# What the exercise asks
Write out word for word each line from the top of the material through the line that has "为了作比较,CH-PerMLP 和 CM55-PerMLP使用低级别的特征,我们使用Tagrec". Pictures do not go in.

# Given data
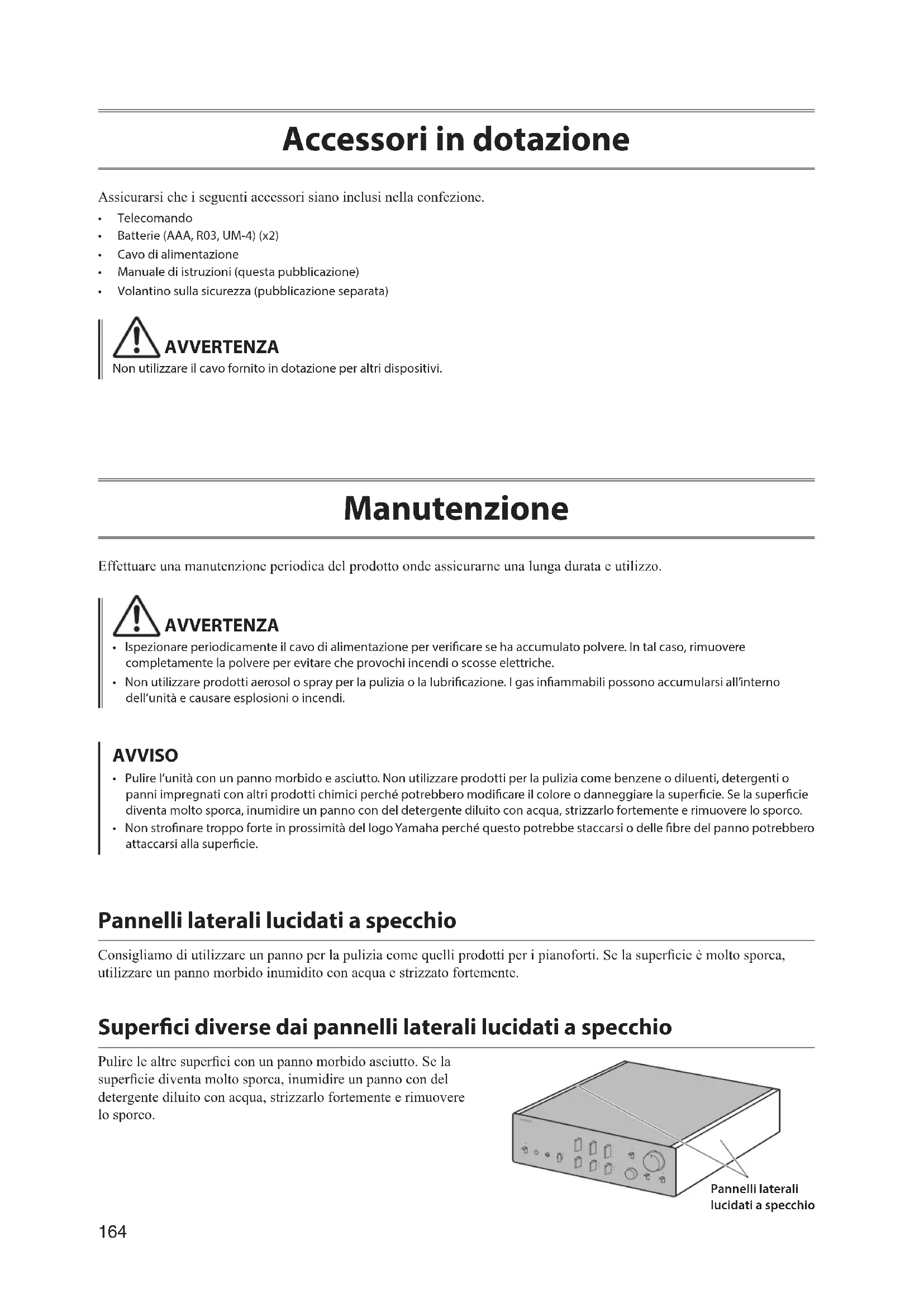 - Telecomando• Batterie (AAA, R03, UM-4) (x2)• Cavo di alimentazione• Manuale di istruzioni (questa pubblicazione)• Volantino sulla sicurezza (pubblicazione separata) AVVERTENZA Non utilizzare il cavo fornito in dotazione per altri dispositivi. Manutenzione Effettuare una manutenzione periodica del prodotto onde assicurarne una lunga durata e utilizzo. AVVERTENZA
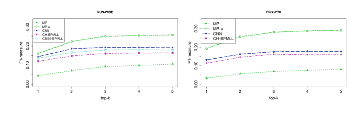 为了作比较,CH-PerMLP 和 CM55-PerMLP使用低级别的特征,我们使用Tagrec framework去学习MP和MP-u,使用Mulan llibrary去学习CH-BPMLL 和 CM55-BPMLL。
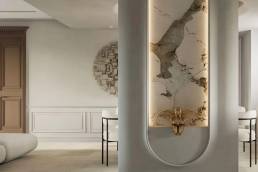 La luce gioca un ruolo centrale: integrata nelle nicchie o studiata per enfatizzarne i volumi, amplifica la tridimensionalità e sottolinea le geometrie progettate.
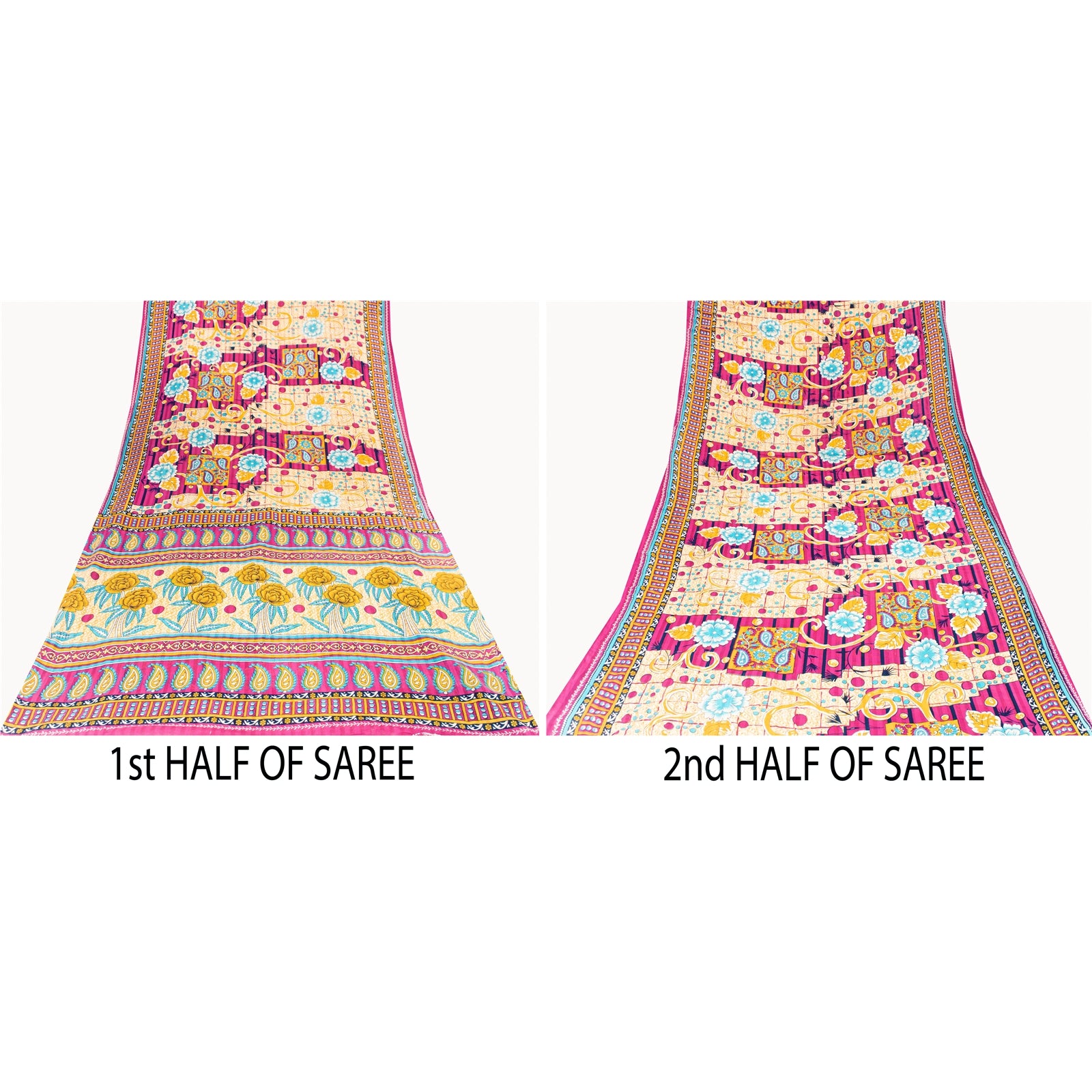 Sanskriti Vintage Sarees Ivory & Pink Pure Cotton Printed Sari 5+yd Craft Fabric

# Output below
 - Telecomando• Batterie (AAA, R03, UM-4) (x2)• Cavo di alimentazione• Manuale di istruzioni (questa pubblicazione)• Volantino sulla sicurezza (pubblicazione separata) AVVERTENZA Non utilizzare il cavo fornito in dotazione per altri dispositivi. Manutenzione Effettuare una manutenzione periodica del prodotto onde assicurarne una lunga durata e utilizzo. AVVERTENZA
 为了作比较,CH-PerMLP 和 CM55-PerMLP使用低级别的特征,我们使用Tagrec framework去学习MP和MP-u,使用Mulan llibrary去学习CH-BPMLL 和 CM55-BPMLL。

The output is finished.